- _Assigned task_
Pictures are to be left out, and only the lines below starting at the one with "ワンチャンス狙いで水中からも見れる可能性のあるポイントでダイビングを!" and ending at the one with "スワッグはお箱に入れますが、繊細ですのでお花が落ちる場合がございます。" are to be reproduced, each exactly, both ends included.

▼▼▼

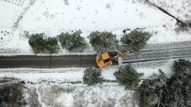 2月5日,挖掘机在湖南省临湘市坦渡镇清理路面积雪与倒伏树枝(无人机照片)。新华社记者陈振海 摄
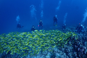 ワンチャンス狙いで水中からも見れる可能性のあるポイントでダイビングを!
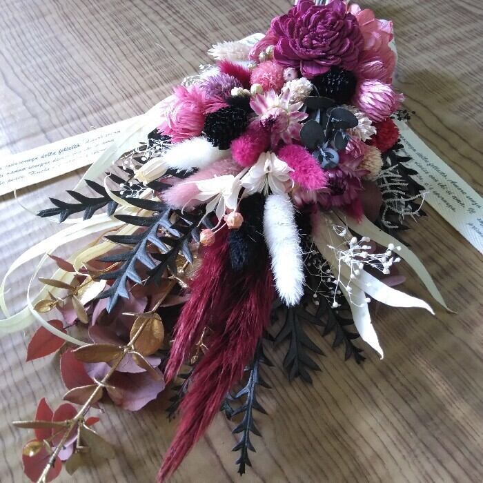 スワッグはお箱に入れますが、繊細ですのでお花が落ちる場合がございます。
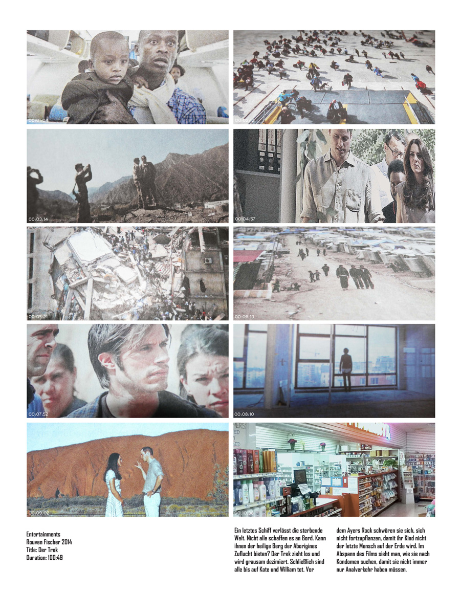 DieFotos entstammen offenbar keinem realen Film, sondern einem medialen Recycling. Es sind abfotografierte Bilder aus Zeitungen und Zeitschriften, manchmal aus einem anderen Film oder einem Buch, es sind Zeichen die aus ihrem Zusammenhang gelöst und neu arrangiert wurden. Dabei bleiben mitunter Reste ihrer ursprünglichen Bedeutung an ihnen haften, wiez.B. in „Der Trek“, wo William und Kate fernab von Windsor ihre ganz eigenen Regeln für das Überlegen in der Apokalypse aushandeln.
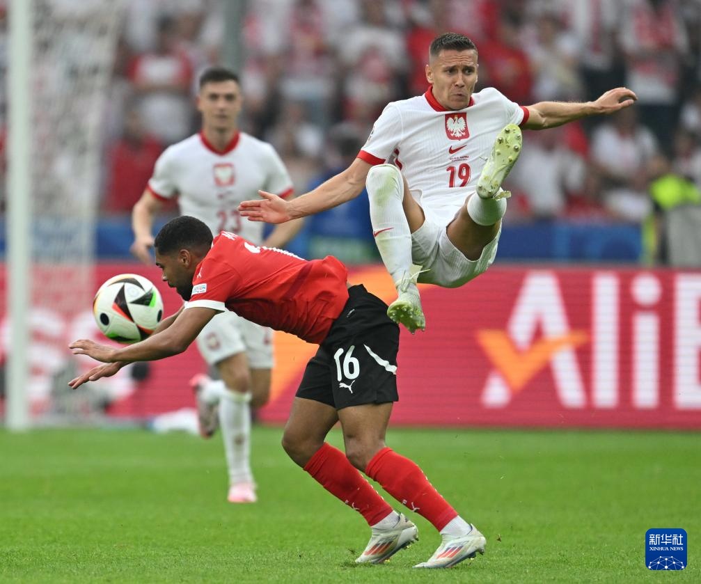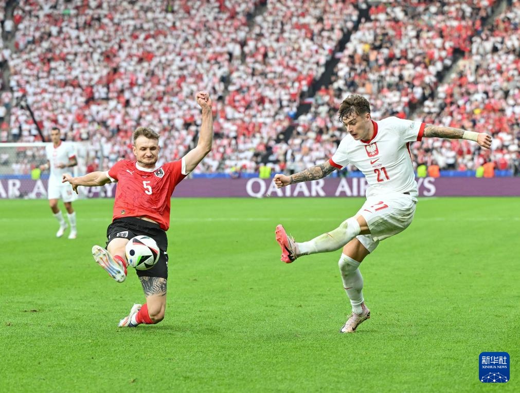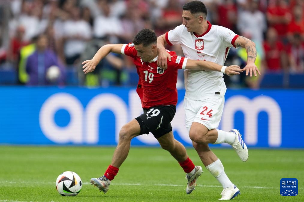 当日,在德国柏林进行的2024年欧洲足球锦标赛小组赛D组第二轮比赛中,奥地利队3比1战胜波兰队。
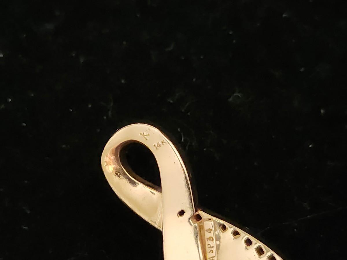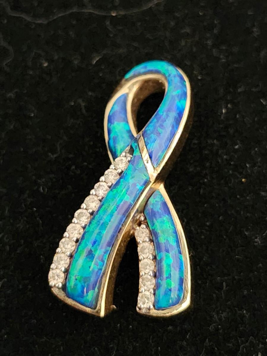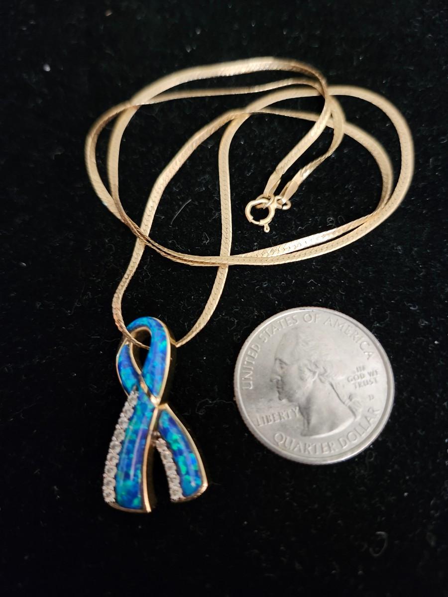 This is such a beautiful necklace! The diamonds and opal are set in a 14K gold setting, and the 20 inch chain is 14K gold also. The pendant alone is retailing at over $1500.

▲▲▲

- _Result of the task_
 ワンチャンス狙いで水中からも見れる可能性のあるポイントでダイビングを!
 スワッグはお箱に入れますが、繊細ですのでお花が落ちる場合がございます。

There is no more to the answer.